» WHAT THE TASK REQUIRES: The answer must consist solely of the lines from the line with "在每個(gè)房間單元,HAS Design and" to the end of the data below, transcribed exactly and with no pictures.

Items listed in a dataset
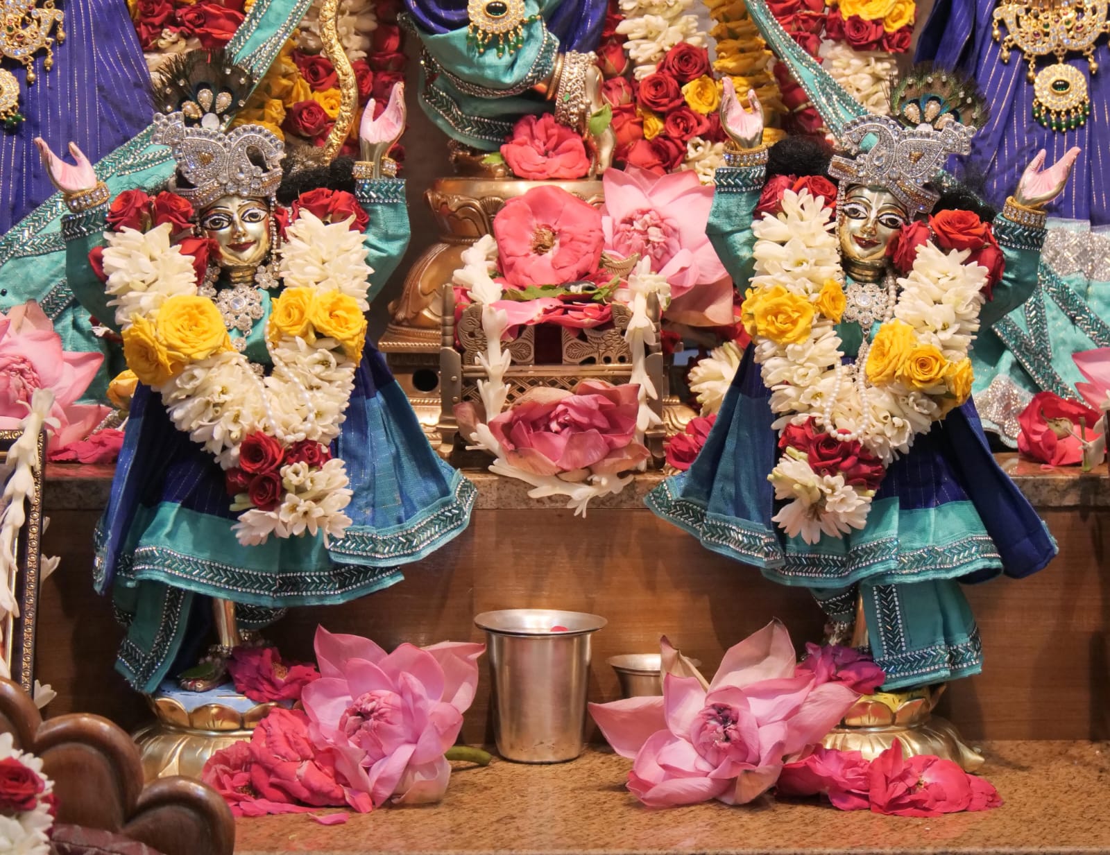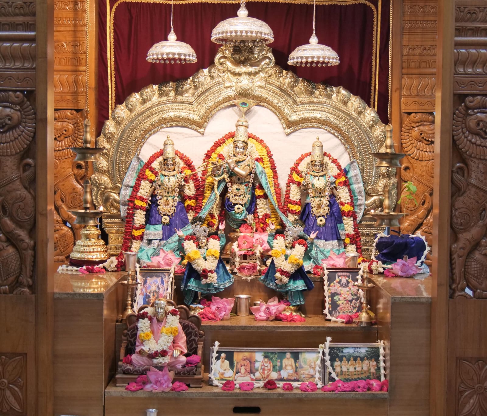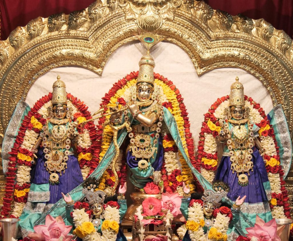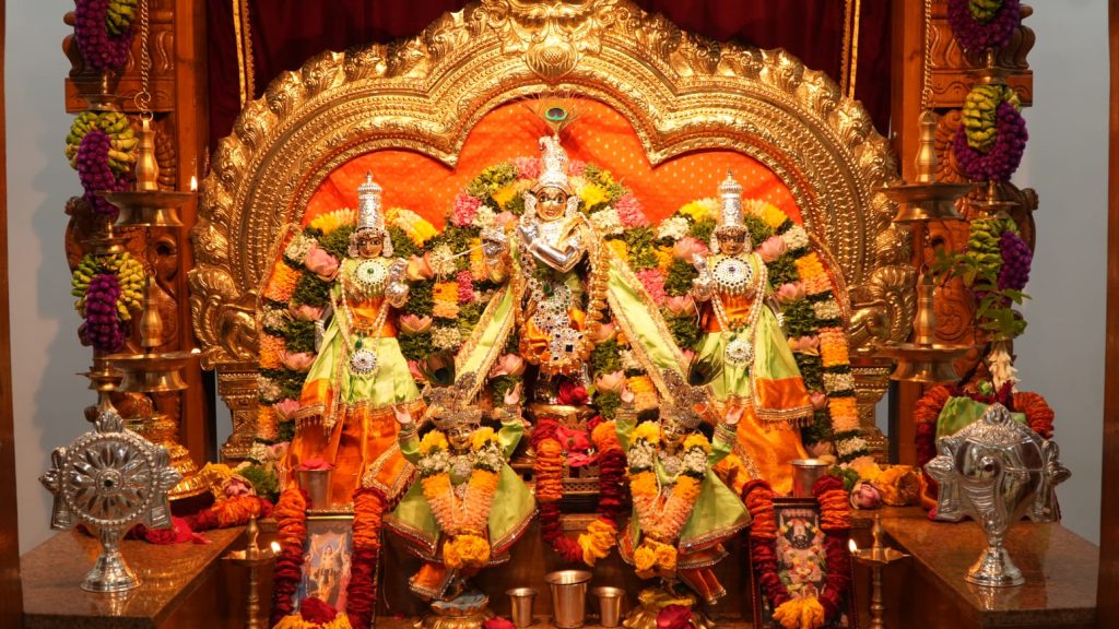 Today’s darshan of Their Lordships Arulmigu Sri Krishna Rukmini Satyabhama, Sri Sri Nitai Gauranga and Srila Prabhupada at Dakshina Dwaraka Dhama, HKM Chennai
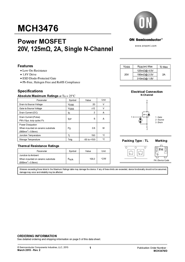 MCH3476 Single N-Channel Power MOSFET 20V, 2A, 125mΩ
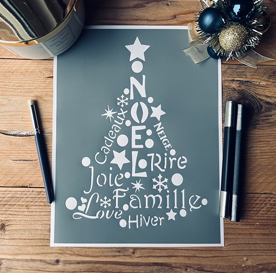 Pochoir Adhésif 30 x 20 cm Sapin de Noël, Etoile & Lettrages
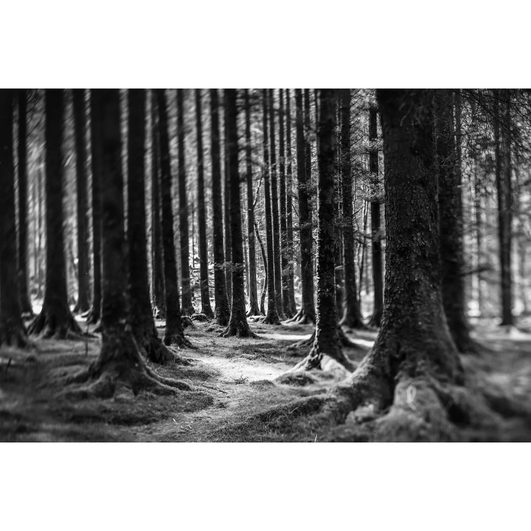 In this captivating scene, a winding path meanders through the regimented ranks of tall, straight trees. The subtle play of light and shadow enhances the intriguing contrast between the trees' rigid forms and the gentle curve of the path. In the distance, a solitary tree with a wavy trunk adds an unexpected twist, breaking the forest's symmetry. It's an enchanting view that invites you to explore deeper into its mysterious depths. Imagine how this print could bring a sense of wonder to your space.
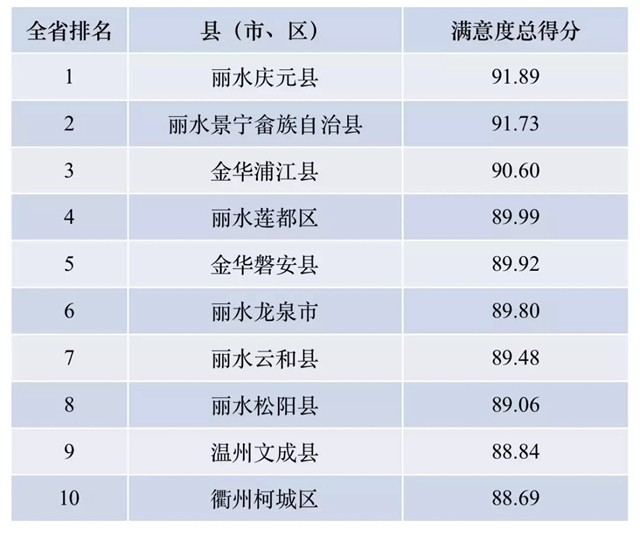 生態(tài)環(huán)境好不好,老百姓說了算。日前,2018年度浙江省生態(tài)環(huán)境公眾滿意度調(diào)查報告出爐。2018年社會公眾生態(tài)環(huán)境滿意度全省平均得分為82.85分,比2017年上升4.31分,實現(xiàn)了連續(xù)7年持續(xù)提升,且平均得分首次突破80分,其中設(shè)區(qū)市得分最高的前三名依次是麗水、衢州、臺州,縣(市、區(qū))得分最高的前三名依次是麗水慶元縣、景寧畬族自治縣和金華浦江縣。
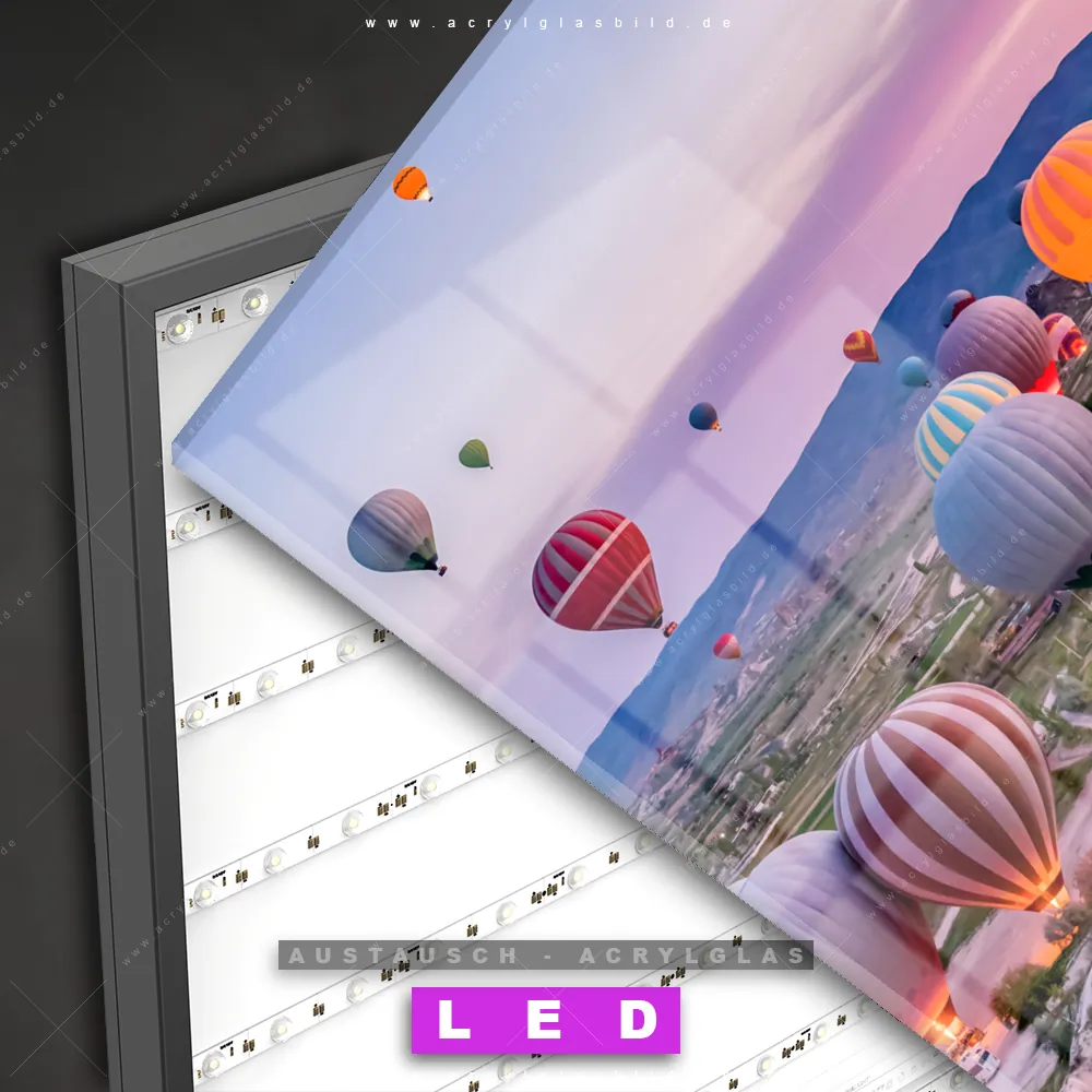 Begriffe wie Landschaft, Natur, Stille, Berge, Sonnenuntergang, Gebirge, Göreme-Nationalpark, Türkei haben dich auf der Suche nach deinem neuen Austausch-Acrylglasbild inspiriert? Dann sollte das Wechsel-Acrylglasbild bunte Heißluftballons für dein bereits vorhandenes LED Acrylglasbild Canvalight® DIA den Weg zu dir finden.
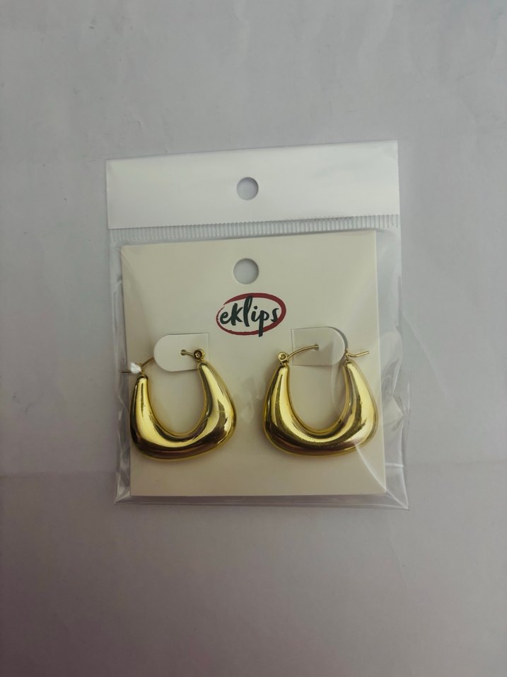 Parlak yüzeye sahip, altın renkli midi uzunlukta, fermuarlı tasarımlı küpeler. Marka: eklips. Günlük sokak stili için minimal bir tasarım. ✨
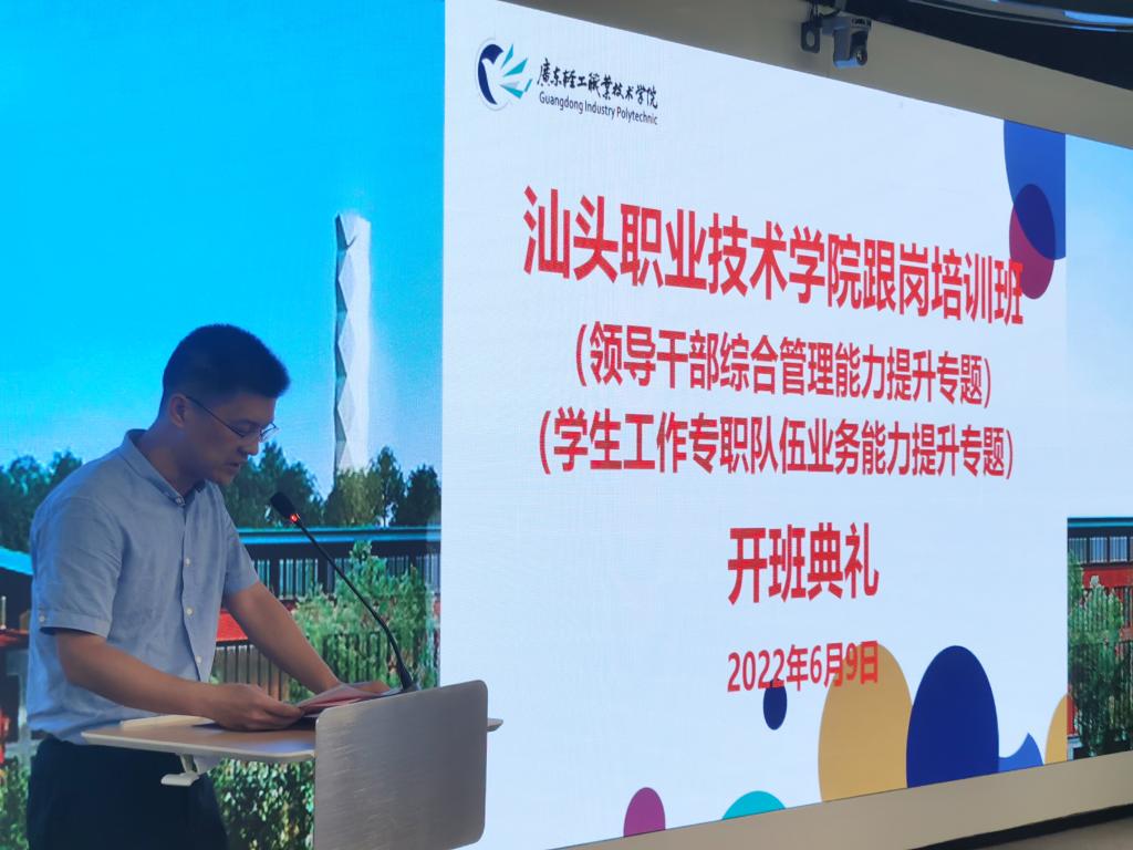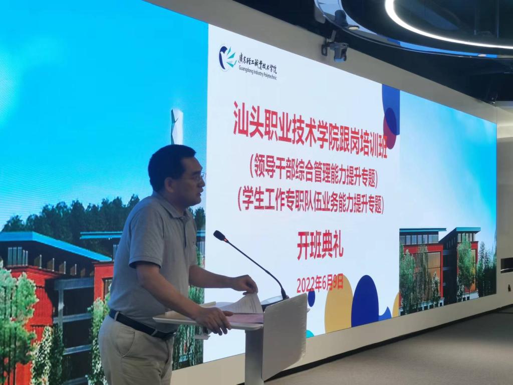 汕头职业技术学院跟岗培训班的两个专题项目在2022年6月8日成功开班,并于6月9日上午在广州新港校区第二实训楼2楼多功能展示中心举办了开班典礼。学校党委办公室主任黄华、人事处处长石朝阳、继续教育学院院长陆英杰、各对接部门负责人、培训班工作人员以及全体参训学员参加了典礼。
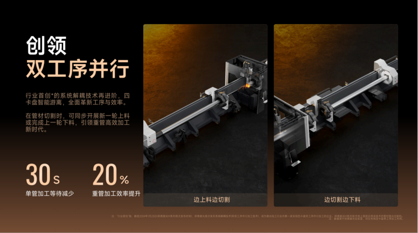 (*行业领创指截至2024年1月23日(邦德激光M系列首次发布时间),邦德激光首次发布系统解耦技术(即双工序并行加工技术),成为激光加工行业内第一家实现四卡盘双工序并行加工的企业。邦德激光M系列是市场上首款应用该技术的管材激光切割机。)
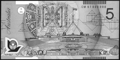 FIVE DOLLARS, Macfarlane/Evans (1996) specimen only issue CM97 000000 (From uncut sheet?). Uncirculated and very rare.
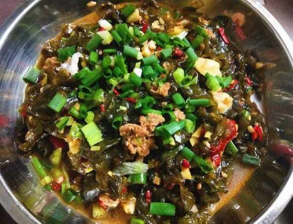 5、淋入少許生抽,加適量食鹽調味,酸辣椒比較咸,鹽隻加一點點就可以瞭,然後再加入肉末翻炒均勻,最後撒上蔥花即可出鍋。
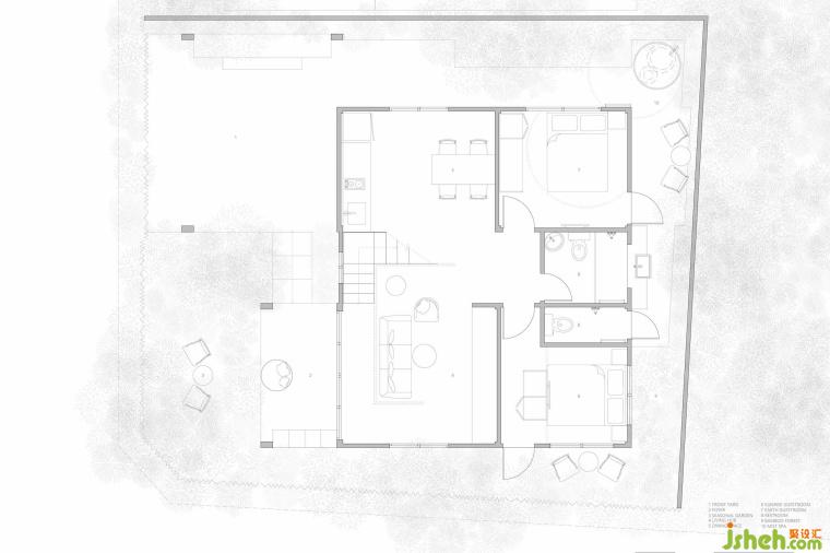 在每個(gè)房間單元,HAS Design and Research建筑事務(wù)所主持建筑師Jenchieh Hung、Kulthida Songkittipakdee以不同的布料編織密度,結(jié)合太陽(yáng)光影創(chuàng)造出多變化的視覺(jué)通透性。移動(dòng)式布料墻既可以分隔出靜態(tài)與動(dòng)態(tài)空間,也能敞開(kāi)配合不同功能達(dá)到最大化Seasonal Room效果。精心設(shè)計(jì)的景觀(guān)以本地石材與植栽組合,打造出別致的季節(jié)性空間體驗(yàn);在竹林景觀(guān)的端點(diǎn),移動(dòng)式透光布料結(jié)合綠植叢林,塑造出具有度假感的水霧SPA。
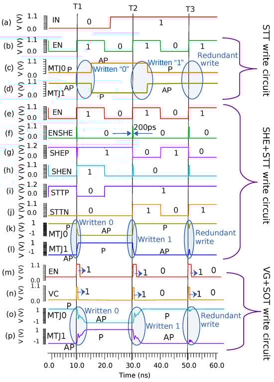 Simulated waveform for (b–d) STT, (e–l) SHE+STT and (m–p) VG+SOT write circuits. The input data (a) IN is common whereas the other enable signals and switching of the MTJ pairs for the different write circuits are shown separately.
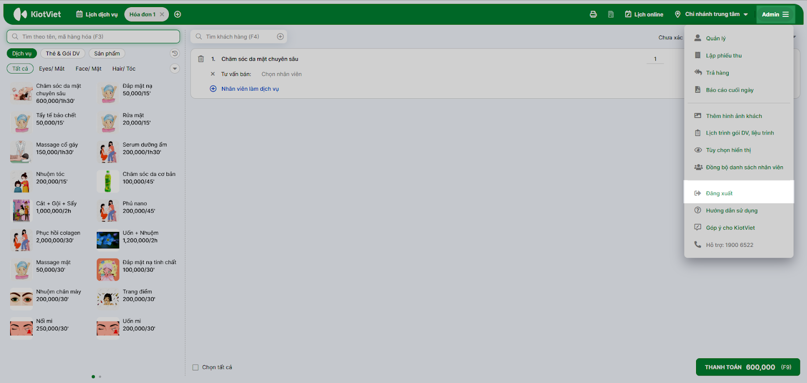 - Tình huống: Bạn vừa đăng ký tài khoản và muốn hệ thống tạo sẵn danh sách các dịch vụ Spa mẫu (Cắt tóc, Gội đầu, Massage…) để hình dung cách phần mềm hoạt động trước khi nhập liệu thật.

» RESPONSE FOR THIS EXERCISE:
 在每個(gè)房間單元,HAS Design and Research建筑事務(wù)所主持建筑師Jenchieh Hung、Kulthida Songkittipakdee以不同的布料編織密度,結(jié)合太陽(yáng)光影創(chuàng)造出多變化的視覺(jué)通透性。移動(dòng)式布料墻既可以分隔出靜態(tài)與動(dòng)態(tài)空間,也能敞開(kāi)配合不同功能達(dá)到最大化Seasonal Room效果。精心設(shè)計(jì)的景觀(guān)以本地石材與植栽組合,打造出別致的季節(jié)性空間體驗(yàn);在竹林景觀(guān)的端點(diǎn),移動(dòng)式透光布料結(jié)合綠植叢林,塑造出具有度假感的水霧SPA。
 Simulated waveform for (b–d) STT, (e–l) SHE+STT and (m–p) VG+SOT write circuits. The input data (a) IN is common whereas the other enable signals and switching of the MTJ pairs for the different write circuits are shown separately.
 - Tình huống: Bạn vừa đăng ký tài khoản và muốn hệ thống tạo sẵn danh sách các dịch vụ Spa mẫu (Cắt tóc, Gội đầu, Massage…) để hình dung cách phần mềm hoạt động trước khi nhập liệu thật.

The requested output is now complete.